Pelo visto nem tudo era como aquele livro de fantasia sombria, quer dizer, em todos os livros que já li sempre tem humanos, mas aqui nesse mundo era totalmente diferente. Eu era única e como se não bastasse, não tinha magia… O quão terrível ficou a minha vida?
— A raça humana não tem nenhuma habilidade mesmo?
— Para falar a verdade, temos uma habilidade chamada ciência.
— Então você pode lutar usando ciência!
— A ciência não é tão fácil usar, ela envolve muita lógica e depende muito de recursos minerais. E sem contar que, não é como se ciência fosse combater magia.
— Se é o que a raça humana tem de habilidade, vamos usar!
Ela cerrou os dois punhos com um sorriso.
— Você ouviu o que eu acabei de dizer?
— Eu ouvi, mas se você foi invocada como guerreira significa que você tem potencial!
— Foi uma falha, não foi? E, geralmente, falhas não tem nenhum potencial para mostrar, apenas fracasso. Ainda que tente me persuadir, eu me recuso a participar dessa guerra.
— A raça élfica tem perdido guerras após guerras, só sobrevivemos porque não ficamos em último, mas ainda assim… — Ela mordeu os lábios. — Ainda assim sofremos os efeitos da derrota. Colheitas são devastadas, pragas são lançadas e ainda temos que lidar com a raça vencedora que tem direito de escolher qualquer coisa que lhe seja útil das raças perdedoras. E como deve saber, a raça élfica está entre as mais belas do mundo, sendo assim, o que Evelgrand tem oferecido são os elfos.
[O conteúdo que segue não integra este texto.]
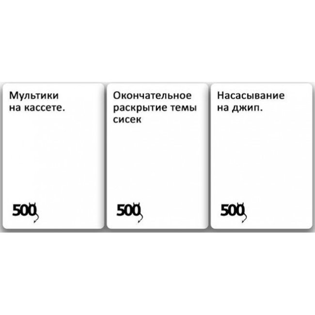 Ще й особливих правил для гри знати не треба: ведучий роздає гравцям по 10 білих карт з відповідями і просто зачитує пропозицію з пробілами на одній з червоних карток. Решта ж вибирають зі свого запасу слова і словосполучення, які на їх погляд (і на думку Петросяна) зроблять з початкової фрази мем року. Голосуєте своїм іржанням за самий прийнятний варіант (хоча останнє слово все-таки за провідним) і рухаєтеся далі в ліс, де на кожному кроці зустрічаються сучки, пеньки (поставте правильний наголос в попередньому слові) і незабутні гостроти. Набір «500 злісних карт» генерує тисячі жартів за короткий проміжок часу навіть у тих, кому максимум вдавалося видати з себе «Колобок повісився». Посперечайтеся, що ви не будете сміятися, граючи в «500 злісних карт» - і навчитеся легко розлучатися з грошима.

Dessa última parte eu não sabia não, mas enfim, continuei observando aquela elfa se lamentando.
— Eu já perdi quase toda a minha família por causa dessa guerra…
Lágrimas vertiam dos seus olhos. Ver aquilo realmente me tocou. Caminhei em direção àquela elfa e a dei um abraço enquanto afagava os seus cabelos prateados.
— Calma, sim?
— Por favor… – Sua voz baixinha e melancólica ressou sobre os meus ouvidos. — Pense ao menos nas crianças…
— Eu sinto muito, mas eu seria apenas um peso morto…
— Eu te darei todo e qualquer suporte mágico que precisar. Ainda que não tenha poderes mágicos, tenho a certeza de que os elfos vão te apoiar! E quanto a essa habilidade humana, eu te ajudo a usá-la, mas por favor, peço que não desista.
Com ela falando desse jeito, torna-se impossível recusar. Céus Milena, esse seu coração de gelatina ainda será a sua ruína.
— Tudo bem, Handgrich. — Continuei afagando seus cabelos enquanto observava as nuvens do céu. — Eu, Milena, aceito me tornar a sétima guerreira e juro lutar pela nação dos elfos, mesmo que custe a minha vida.
“Eu vou me arrepender de ter dito isso!
Eu vou me arrepender!
Mesmo a frase tendo soado legal, eu vou me arrepender!”
— Obrigada… Obrigada… Obrigada!
Uma chuva de agradecementos ressoou pelos os meus ouvidos por um bom tempo.
Parece que é isso mesmo, eu, Milena Naroelle, oficialmente assumi o papel de sétima guerreira.
“Eu realmente vou me arrepender disso.”